One can’t help but wonder if the maximum age of dependent coverage had been left at 21, if enough young healthy people would have signed up for healthcare? Guess we’ll never know.

Whether the maximum dependent age is 21 or 25, those young adults are still facing a healthcare insurance cliff that is getting higher and higher or should I say has a longer and longer fall than before.

What do these young adults do if they don’t have healthcare coverage through an employer, once they reach that age just beyond the maximum dependent coverage?

The process can be confusing and daunting, let along expensive. Meet one such young lady who faced the cliff at 26:

Marguerite Moniot felt frustrated and flummoxed, despite the many hours she spent in front of the computer this year reading consumer reviews of health insurance plans offered on the individual market in Virginia. Moniot was preparing to buy a policy of her own, knowing she would age out of her parent’s plan when she turned 26 in October.”

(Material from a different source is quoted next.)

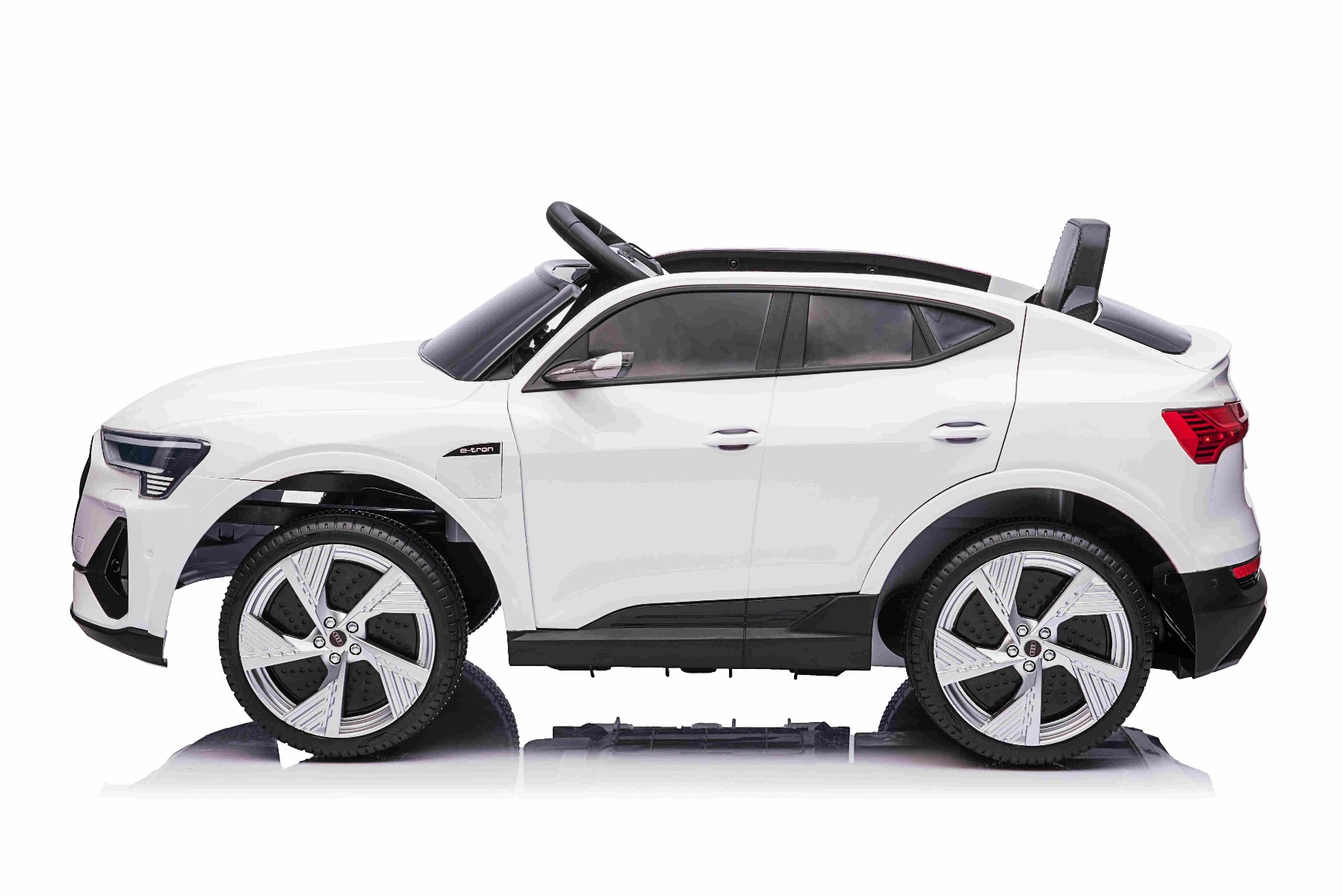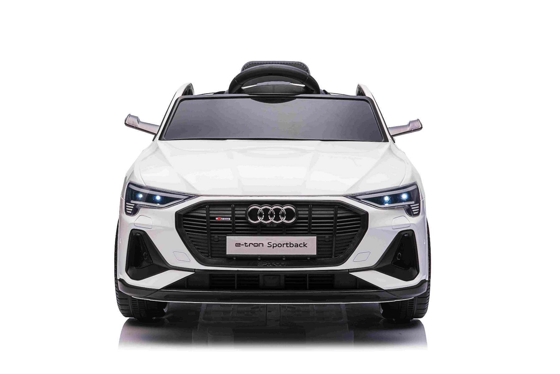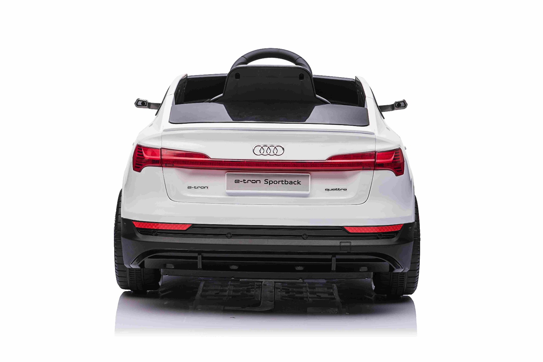 Maşinuţa electrica copii Audi E-tron Sportback 12V, alb, scaun lat cu un singur loc și centură de siguranță cu prindere în trei puncte, telecomandă 2.4 GHz, intrare USB/AUX, suspensie, baterie litiu, lumini LED, motor 2 x 25W, licență ORIGINALĂ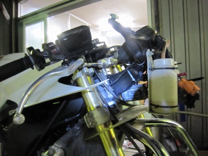 22:12 カウルステー 続いて、フルカウルの取付。 左側のカウルステーはくっちゃり曲がっちゃってます。 これは修正できそうもないので、交換。 |

“She asked her parents for help and advice. But they, too, ran into trouble trying to decipher which policy would work best for their daughter. The family had relied on her father’s employer-sponsored plan through his work as an architect for years, so no one had spent much time sifting through policies.”

“‘Honestly, my parents were just as confused as I was,’ said Moniot, a restaurant server in Roanoke.”

“In defeat, just before Thanksgiving, she went with her mother to meet a certified health insurance navigator, buying a policy that allowed her to keep her current doctors.”

Emily Curran, a research fellow at Georgetown University’s Health Policy Institute, added:

“There’s already a barrier where young adults are having difficulty understanding what the value of insurance is. Coming out … and saying prices are going up, choice is going down and this law is a mess doesn’t really get at the young adult population.”

This year, the open enrollment was shorter, running from Nov. 1 through Dec. 15, two days from now. In an effort to reduce federal spending, $90 million in federal funding was cut from groups that helped people like Moniot and others of all ages to find the right policy to meet their needs and budget, if that’s possible.

The healthcare cliff is coming quicker, but what happens between to those facing the cliff after open enrollment ends and before the next open enrollment period begins. Many young people may not see the need to plan that far ahead, but when they turn 26 in a few months, they’ll find themselves standing at a precipice not knowing what to do.

That’s why they need to speak to a healthcare insurance professional now, before it’s too late.